### TASK REQUIREMENTS
Give back every record word for word, but keep the pictures out.

Dataset excerpts:
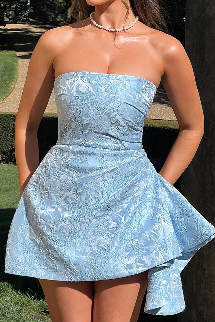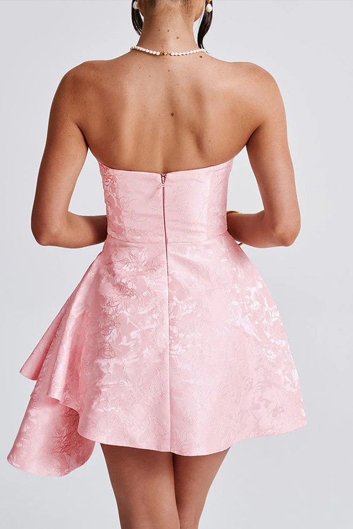 Floral Strapless Asymmetrical Ruched Hem Mini Dress
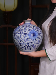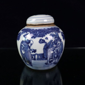 瓷器工艺品批发青花人物图纹盖罐新中式创意摆件收藏一...
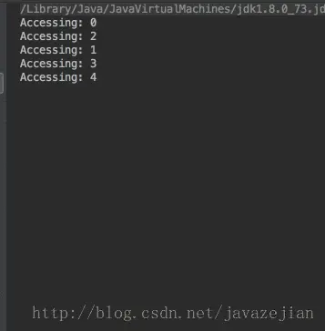 上述代码中,在创建Semaphore时初始化5个许可,这也就意味着同一个时间点允许5个线程进行共享资源访问,使用acquire()方法为每个线程获取许可,并进行休眠1秒,如果5个许可已被分配完,新到来的线程将进入等待状态。如果线程顺利完成操作将通过release()方法释放许可,我们执行代码,可以发现每隔1秒几乎同一时间出现5条线程访,如下图
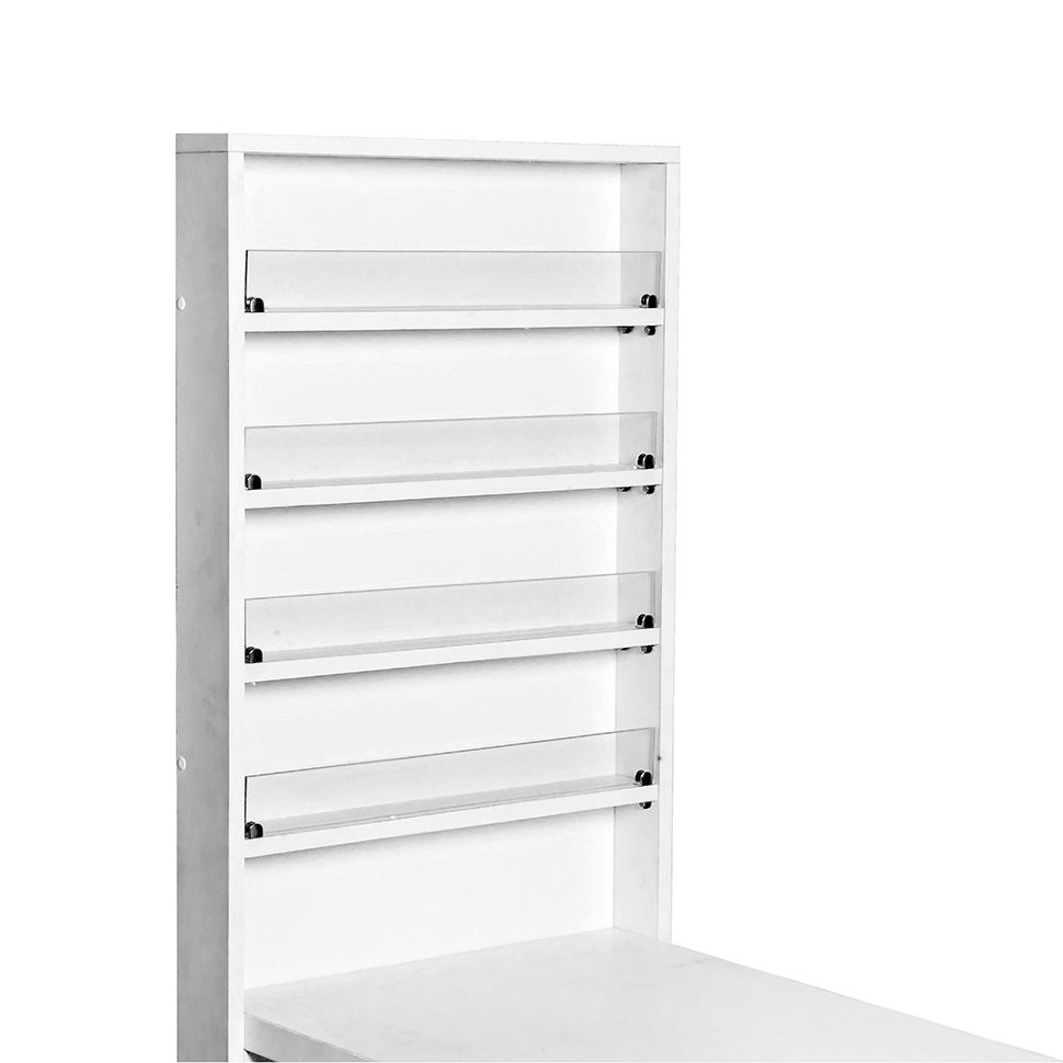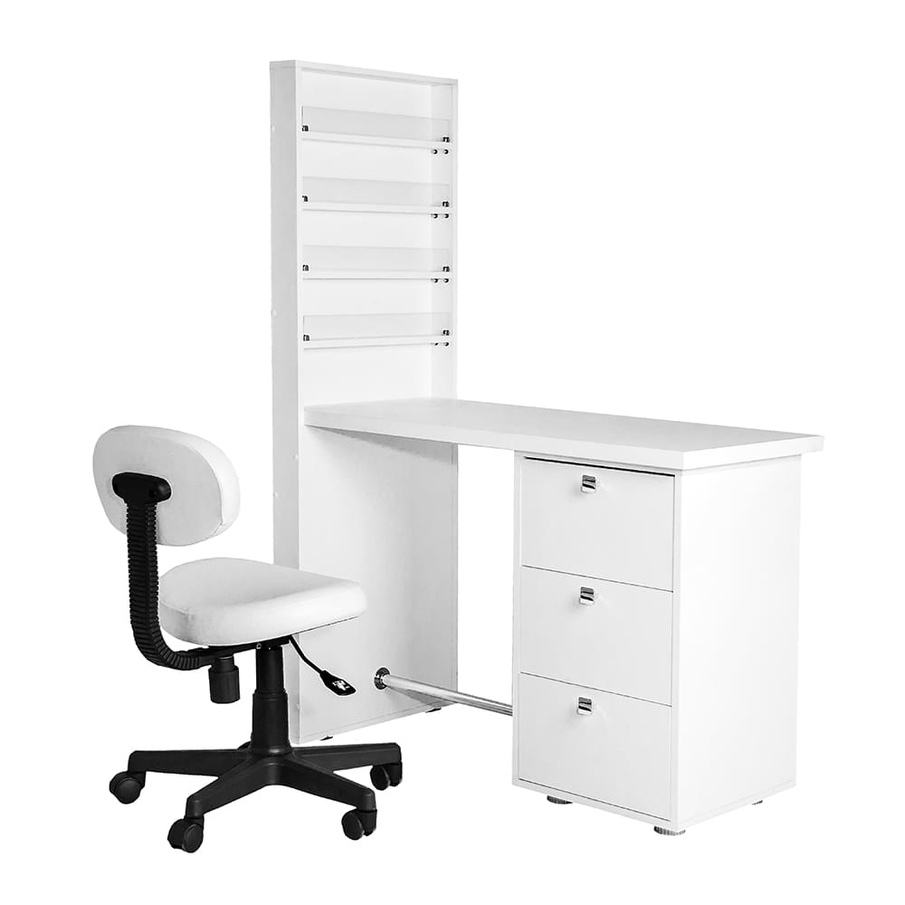 Маникюрный стол 203 – реальное, изящное изделие, которое превращает работу мастера в профессиональный подход, исключая все возможные недоработки, прорабатывая с клиентом все процедуры на одном дыхании. Этот комплект состоит из деревянной столешницы, крепкого каркаса, боковой высокой ниши с полкой, хромированной трубы для ног, тумбы на три полки, квадратных кнопок с дизайнерским подходом. Стиль визуально белый, напоминает нежные ноты совершенства и неповторимого дизайна. Четкость линий, где каждая грань состоит из общей структуры соединений. Надежное, сформировано согласно сертификации. Фишка от модных парикмахеров. Шедевр в одной ноте.
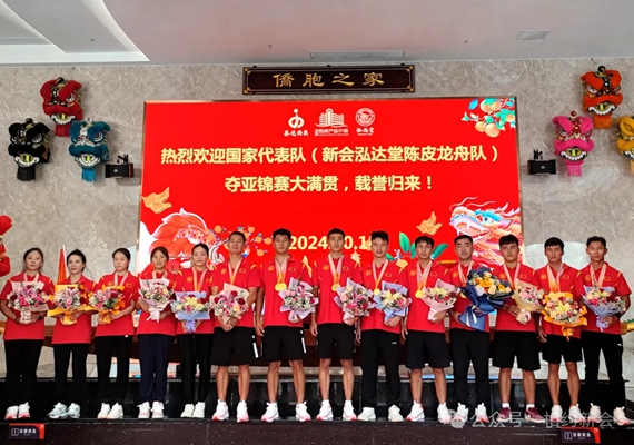 10月9日至14日,第十五届亚洲龙舟锦标赛在香港举行,新会泓达堂陈皮龙舟队作为中国代表队的一员,在“龙舟混合组12人”项目中表现出色,分别夺得了100米、200米和500米的冠军。10月14日,新会泓达堂陈皮龙舟队载誉归来,参加欢迎龙舟队凯旋活动。
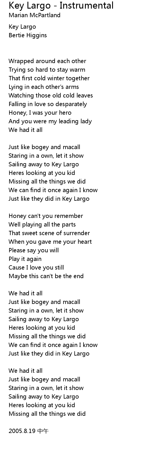 | Song | Key Largo - Instrumental |
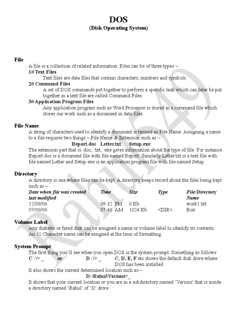 D:\Rahul>dir Shows directories of Rahul directory of ‘D’ drive.
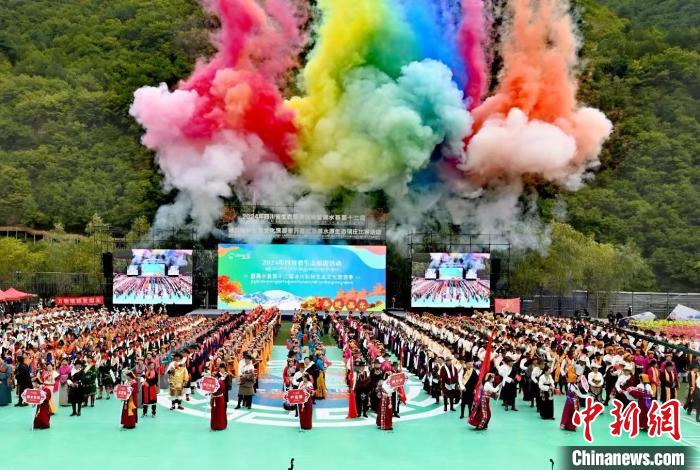 2024年四川省生態(tài)旅游活動(dòng)暨黑水縣第十二屆冰川彩林生態(tài)文化旅游季18日在四川省阿壩州黑水縣開(kāi)幕,圖為開(kāi)幕式現(xiàn)場(chǎng)。 安源 攝
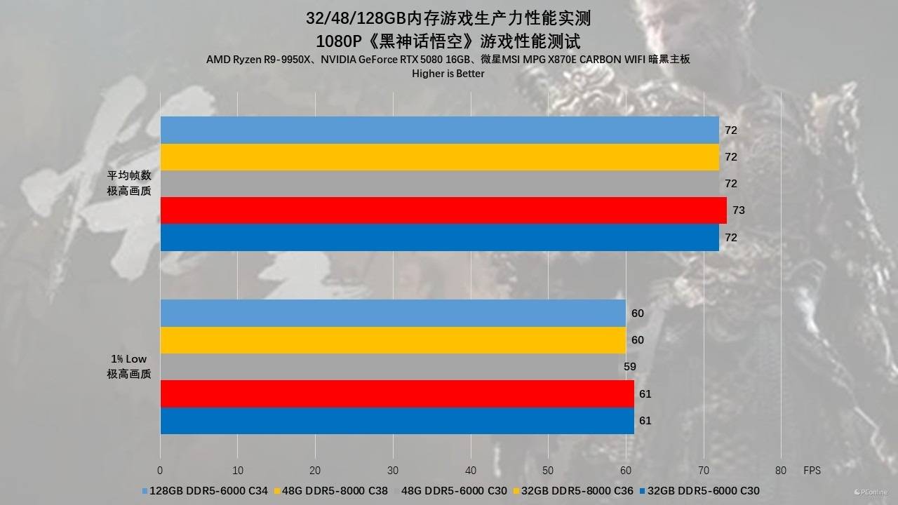首先是3A大作方面的测试,第一个请出的是国产3A之光《黑神话:悟空》。在1080p极高画质下,这款虚幻5引擎的大作展现出了典型的“众生平等”特性。测试数据显示,五组内存的平均帧数惊人地一致,稳定在72-73 FPS之间,说明即便在低分辨率下,GPU依然是主要瓶颈。然而在关乎流畅度的1% Low帧(最低帧)上,32GB DDR5-8000 C36 还是凭借极致的带宽优势,以61 FPS的成绩略微领先于48GB 6000组的59 FPS。这说明在极度压榨显卡的场景中,极高频内存对缓解偶尔的数据吞吐拥堵有一丝微弱的帮助,但并未拉开质的差距。
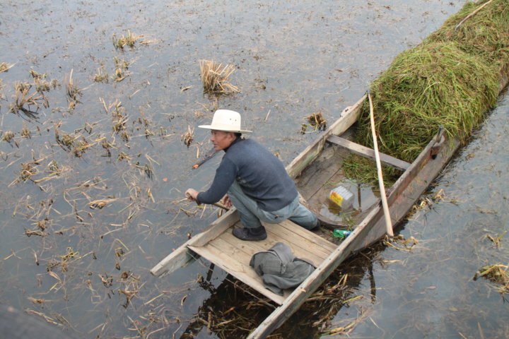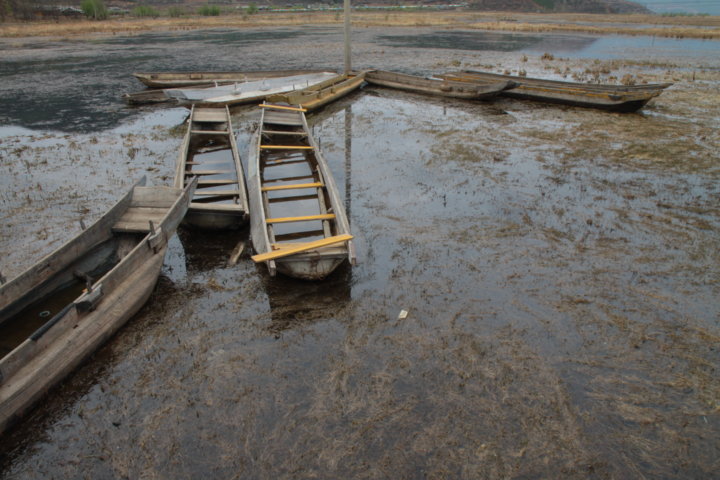 Partímos então em direção a Zhawoluo e durante a curta viagem vi uma zona do lago de águas mais paradas e rasas, que davam a noção da existência de pequenas ilhas. Quando chegámos à aldeia, esta era completamente dominada pelo turismo: passeios a cavalo e de pónei, vendedores de postais e de imitações baratas de artesanato, bancas de comida com preços inflacionadíssimos, enfim nada de interessante. Porém e felizmente, bastava sairmos vinte/trinta metros do trilho para observar uma face mais rural com campos de cultivo, barcos a recolher vegetação, árvores, flores delicadas e camponeses nos seus afazeres. 🙂 No final da aldeia cruzámos a ponte do matrimónio e na outra margem do lago voltámos a dar de caras com bancas de comida, desta feita com “manjares” exóticos, sendo o sapo – pronto para virar churrasco – uma das iguarias. 😛
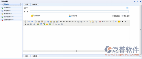 選擇人員信息,點(diǎn)擊“確定”功能按鈕,輸入其他郵件信息,信息輸入無誤后點(diǎn)擊“發(fā)送”“保存到草稿箱”功能按鈕,系統(tǒng)將郵件信息發(fā)送或保存。
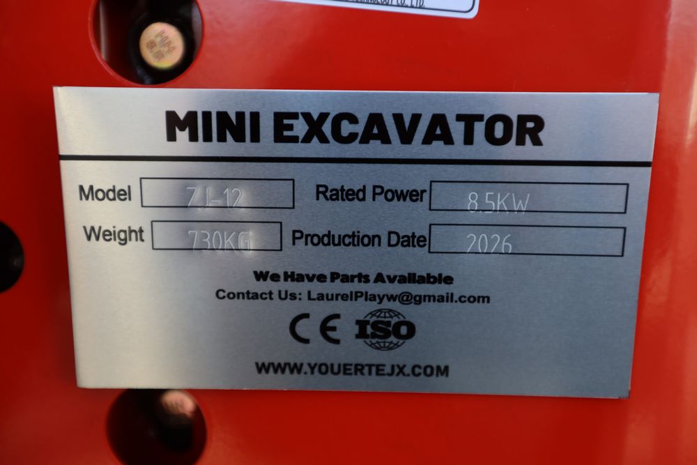 New 2026 ZJG Mini Excavator, model: ZJZ-12 with canopy, dozer blade, bucket, and gas engine. Hours reading less than 1 hour.
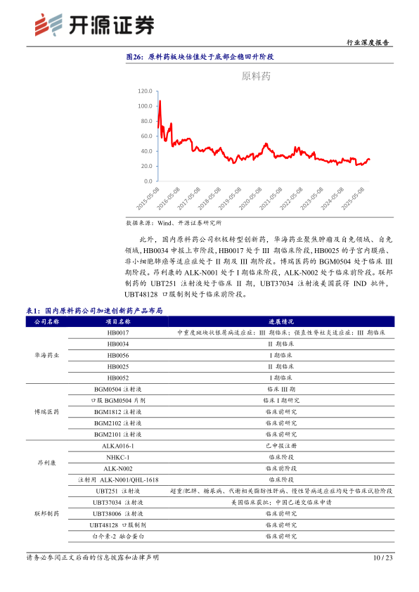 原料药行业经历近4年周期下行,各类产品价格跌至部分龙头企业处于亏损的阶段,行业整体处于底部区域,其中沙坦类、肝素类、动保类等价格跌到历史最低水平。受抗感染类产品价格大幅下跌及部分公司加大研发投入影响,2025上半年原料药板块收入及净利润呈现下降趋势。
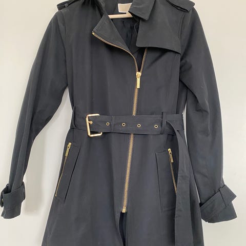 Hyväkuntoinen ja siisti Michael Kors trenssitakki, tummansininen. Koko S. Napeissa ja vyössä lukee Michael Kors. Taskuissa vetoketjut. Vähällä käytöllä ollut. Sisäpuolelta yksi lappu tullut leikattua pois. Näkyy kuvassa.
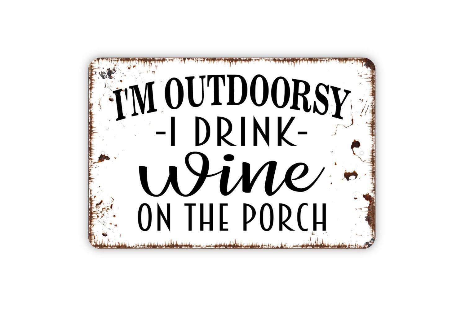 I'm Outdoorsy I Drink Wine On The Porch Sign - Funny Backyard Bar Metal Wall Art - Indoor or Outdoor
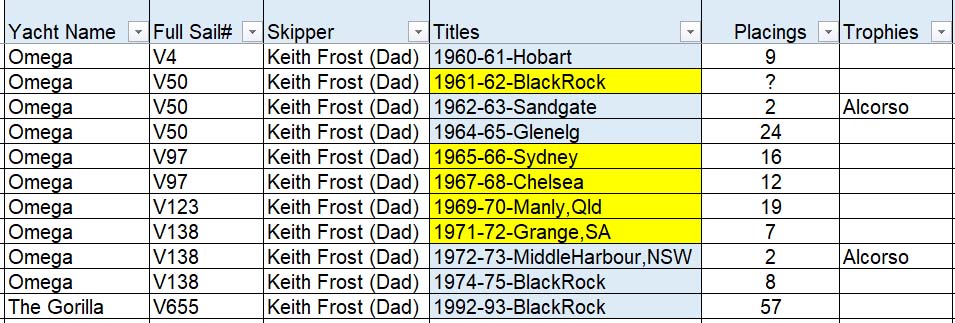 Frosty only sailed the Heavyweight for one season as it was the time of transition to Lightweight Sharpies.
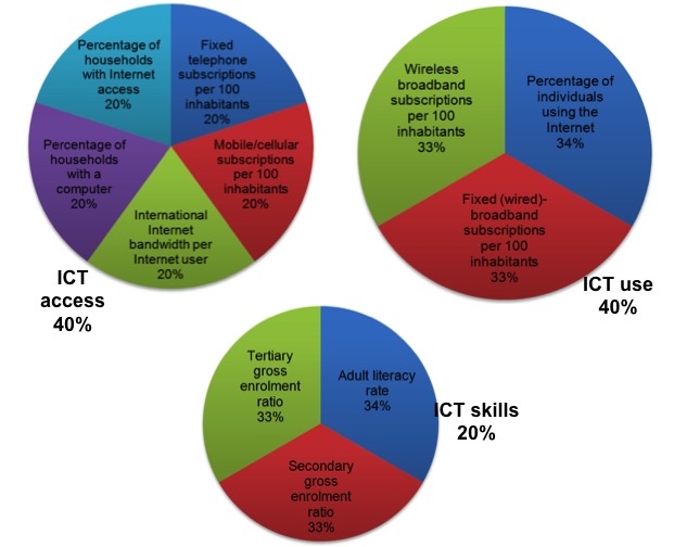 Figure 1: IDI indicators and weightings for 2013 exercise (Source: ITU)

### PROBLEM SOLUTION
 Floral Strapless Asymmetrical Ruched Hem Mini Dress
 瓷器工艺品批发青花人物图纹盖罐新中式创意摆件收藏一...
 上述代码中,在创建Semaphore时初始化5个许可,这也就意味着同一个时间点允许5个线程进行共享资源访问,使用acquire()方法为每个线程获取许可,并进行休眠1秒,如果5个许可已被分配完,新到来的线程将进入等待状态。如果线程顺利完成操作将通过release()方法释放许可,我们执行代码,可以发现每隔1秒几乎同一时间出现5条线程访,如下图
 Маникюрный стол 203 – реальное, изящное изделие, которое превращает работу мастера в профессиональный подход, исключая все возможные недоработки, прорабатывая с клиентом все процедуры на одном дыхании. Этот комплект состоит из деревянной столешницы, крепкого каркаса, боковой высокой ниши с полкой, хромированной трубы для ног, тумбы на три полки, квадратных кнопок с дизайнерским подходом. Стиль визуально белый, напоминает нежные ноты совершенства и неповторимого дизайна. Четкость линий, где каждая грань состоит из общей структуры соединений. Надежное, сформировано согласно сертификации. Фишка от модных парикмахеров. Шедевр в одной ноте.
 10月9日至14日,第十五届亚洲龙舟锦标赛在香港举行,新会泓达堂陈皮龙舟队作为中国代表队的一员,在“龙舟混合组12人”项目中表现出色,分别夺得了100米、200米和500米的冠军。10月14日,新会泓达堂陈皮龙舟队载誉归来,参加欢迎龙舟队凯旋活动。
 | Song | Key Largo - Instrumental |
 D:\Rahul>dir Shows directories of Rahul directory of ‘D’ drive.
 2024年四川省生態(tài)旅游活動(dòng)暨黑水縣第十二屆冰川彩林生態(tài)文化旅游季18日在四川省阿壩州黑水縣開(kāi)幕,圖為開(kāi)幕式現(xiàn)場(chǎng)。 安源 攝
首先是3A大作方面的测试,第一个请出的是国产3A之光《黑神话:悟空》。在1080p极高画质下,这款虚幻5引擎的大作展现出了典型的“众生平等”特性。测试数据显示,五组内存的平均帧数惊人地一致,稳定在72-73 FPS之间,说明即便在低分辨率下,GPU依然是主要瓶颈。然而在关乎流畅度的1% Low帧(最低帧)上,32GB DDR5-8000 C36 还是凭借极致的带宽优势,以61 FPS的成绩略微领先于48GB 6000组的59 FPS。这说明在极度压榨显卡的场景中,极高频内存对缓解偶尔的数据吞吐拥堵有一丝微弱的帮助,但并未拉开质的差距。
 Partímos então em direção a Zhawoluo e durante a curta viagem vi uma zona do lago de águas mais paradas e rasas, que davam a noção da existência de pequenas ilhas. Quando chegámos à aldeia, esta era completamente dominada pelo turismo: passeios a cavalo e de pónei, vendedores de postais e de imitações baratas de artesanato, bancas de comida com preços inflacionadíssimos, enfim nada de interessante. Porém e felizmente, bastava sairmos vinte/trinta metros do trilho para observar uma face mais rural com campos de cultivo, barcos a recolher vegetação, árvores, flores delicadas e camponeses nos seus afazeres. 🙂 No final da aldeia cruzámos a ponte do matrimónio e na outra margem do lago voltámos a dar de caras com bancas de comida, desta feita com “manjares” exóticos, sendo o sapo – pronto para virar churrasco – uma das iguarias. 😛
 選擇人員信息,點(diǎn)擊“確定”功能按鈕,輸入其他郵件信息,信息輸入無誤后點(diǎn)擊“發(fā)送”“保存到草稿箱”功能按鈕,系統(tǒng)將郵件信息發(fā)送或保存。
 New 2026 ZJG Mini Excavator, model: ZJZ-12 with canopy, dozer blade, bucket, and gas engine. Hours reading less than 1 hour.
 原料药行业经历近4年周期下行,各类产品价格跌至部分龙头企业处于亏损的阶段,行业整体处于底部区域,其中沙坦类、肝素类、动保类等价格跌到历史最低水平。受抗感染类产品价格大幅下跌及部分公司加大研发投入影响,2025上半年原料药板块收入及净利润呈现下降趋势。
 Hyväkuntoinen ja siisti Michael Kors trenssitakki, tummansininen. Koko S. Napeissa ja vyössä lukee Michael Kors. Taskuissa vetoketjut. Vähällä käytöllä ollut. Sisäpuolelta yksi lappu tullut leikattua pois. Näkyy kuvassa.
 I'm Outdoorsy I Drink Wine On The Porch Sign - Funny Backyard Bar Metal Wall Art - Indoor or Outdoor
 Frosty only sailed the Heavyweight for one season as it was the time of transition to Lightweight Sharpies.
 Figure 1: IDI indicators and weightings for 2013 exercise (Source: ITU)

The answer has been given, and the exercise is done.